Time-travelling postcards finally arrive

This postcard belonging to Denis O'Regan was delivered 17 years after it was sent from Corfu.
Friday December 11 2009
MYSTERY surrounds the journey of three postcards that all arrived at their Cork destination in the past week -- up to 20 years after they were posted from holiday sunspots.
The first card was written in and posted from Kastellani in Corfu in 1992, before embarking on a 2,600km journey to finish at Tower Street in Cork, 17 years, four months and 11 days later.
Bearing a Greek postmark dated July 24, 1992, the card arrived through the letterbox of 77-year-old Denis 'Dinny' O'Regan's Tower Street home, last Friday, December 4.
The postcard was written by Dinny's then teenage daughters, Val and Helaine, who had been enjoying a break on the shores of the Greek island.
Val (32) and Helaine (35) have found love, settled down, married and had children since popping the card in the post to their parents.
"I couldn't believe it when I saw it; I thought, what in the name of God is this?" Dinny said, describing his reaction to the post last Friday. "I handed it to my wife and she didn't know what to make of it either. She said it to the postman since; she asked him if he knew where it had been," he said.

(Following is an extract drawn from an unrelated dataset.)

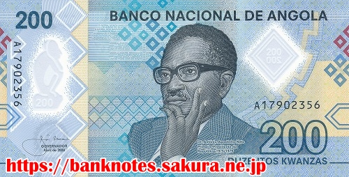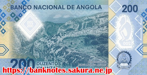 表面の肖像は、初代大統領「アゴスティニョ・ネト Dr.Antonio Agostinho Neto (1922-1979) 」です。裏面には奇岩「プンゴ・アンドンゴの黒い岩 PEDRAS NEGRAS DE PUNGU A NDONGO-MALANJE」が描かれています。

The girls, who would have been listening to chart-topping tunes like Red Hot Chili Peppers' 'Under the Bridge' or Jimmy Nail's 'Ain't No Doubt', wrote to tell their parents they had met plenty of people who were "a good crack".
Mystery
They wrote on the card that the "weather is unreal", "the nightlife is wild", and they were "lying on the beach in the sun".
Still in remarkably good condition for an item that was lost for the best part of two decades, the card bears no traces of where it might have been.
Bemused Dinny, a retired gate porter at St Finbarr's Hospital, plans to have it framed and hung on the sitting room wall "for the craic".
Adding even more mystery, two more postcards arrived at the O'Regan house yesterday morning, one the girls posted from Greece in 1991 and another posted to Helaine from a friend in Tenerife in 1989.
"We've no idea where they were or how many more are coming," Helaine said.